Gizlenen Hakikat:
KABİR SUALİNİN ANLAMI VE AÇILIMI
Yaklaşık 20 yıl kadar önce, Milli Gazete’de “Kabir suali nedir, nasıl anlamak ve hazırlanmak gerekir?” konusunu izah etmiş, Kabir sualinin bu imtihan âleminden, hesap ve mücazaat ülkesine geçerken, “sınır kapısı olan kabirdeki ilk pasaport tetkiki ve kimlik tespiti” olduğunu belirtmiştik. Daha sonra birkaç medyatik ilahiyat prof.u, bu teşbih ve tahlillerimizi kopya edip kendi bulguları ve bilgileri gibi TV ekranlarında ve maalesef asıl önemli kısımlarını atlayarak şov yapmaya ve bilgiçlik taslamaya girişmişlerdi. 16 Eylül 2016 Cuma günü aramızdan ve dünyamızdan ayrılan sadık ve sağlam bir Müslüman, sapmaz ve sarsılmaz bir dava adamı olan Elazığ Kesirikli Hüseyin Öztürk kardeşimizi 52 yaşında ahirete uğurladığımızda Asri Mezarlık’ta kabrinin üzerinde telkin yapılırken, cenazedeki bazı kardeşlerimize bu “Kabir Suali” gerçeğini bir kez daha hatırlatmış ve “Hoca efendiler kalıplaşmış duaları ve Arapça metinlerle okumanın yanında, acaba asıl bu hikmet ve hakikatleri niye hatırlatmazlar?” diye de hayıflanıvermiştik.
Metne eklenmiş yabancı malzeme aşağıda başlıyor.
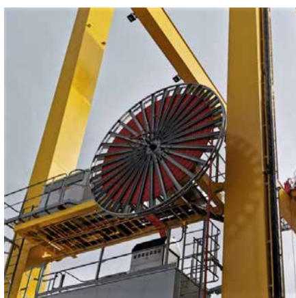
Cable reeling drum

İşte bu soruların doğru ve doyurucu şekilde yanıtlanıp, “ama”, “fakat”, “ancak” gibi kelimelerle başlayan ve kalbi marazlarına mazeret kılıfı uydurulan saptırmacalara kalkışmadan verilecek samimi cevaplar, bir kişinin (veya kesimin) gerçek ayarını ve amacını ortaya koyan mihenk taşlarıdır. Bu hakikat aynasına bakanlar, kendi iç dünyalarıyla karşılaşacak, nasıl bir inanca ve amaca sahip olduklarını kavrayacaklardır. Bazıları, hep gizlemeye çalıştığı bu çirkin yüzünü gösteren aynayı kırmaya, böyle bir ayna tuttuğumuz ve içini dışa kusturduğumuz için bize sataşıp saldırmaya başlayacak, inşaallah bir kısmı da bâtıl saplantılarını ve bağnaz sapkınlıklarını bırakıp yeniden hakikat kulpuna ve Kur’ani kurallara yapışacaktır. Bir hadis-i şerifte: “İman, (misal olarak) gömlek gibidir. (Taat ve takva ile) Bazen onu giyinip kuşanır, (isyan ve günahlarla) bazen de onu çıkarıp atarsın”[1] buyrulmaktadır. Başka bir hadiste Hz. Peygamber Efendimiz: “Yüce Allah örnek olarak size her iki tarafında duvar bulunan dosdoğru bir yolu veriyor. Bu duvarın da açık olan kapıları ve kapıların da perdeleri vardır. Bu yolun başında birisi: ‘Ey insanlar! Bu yola girin ve bir yere sapmadan yürüyün!’ diye seslenmektedir. Yolun üzerinde aynı şekilde bir uyarıcı vardır. Yolda giden insanlardan biri duvardaki kapıların perdesini aralamak istediği zaman yolun üst tarafında bulunan iki kişi: ‘Sakın! Orayı açma! Şayet açarsan içeriye girmek zorunda kalırsın!’ diye onu uyarır. Bu örnekte dosdoğru yol, İslam’dır. Yolun kenarındaki duvarlar da, Yüce Allah’ın buyruklarıdır. Açık kapılar, Yüce Allah’ın yasaklarıdır. Yolun başında insanları uyaran kişi, Yüce Allah’ın Kitabıdır. Yolun üst tarafında durup insanları uyaran kişi de, her Müslümanın gönlünde bulunan vicdandır!”[2] buyurmaktadır.
..
MAKALENİN TAMAMI İÇİN TIKLAYINIZ…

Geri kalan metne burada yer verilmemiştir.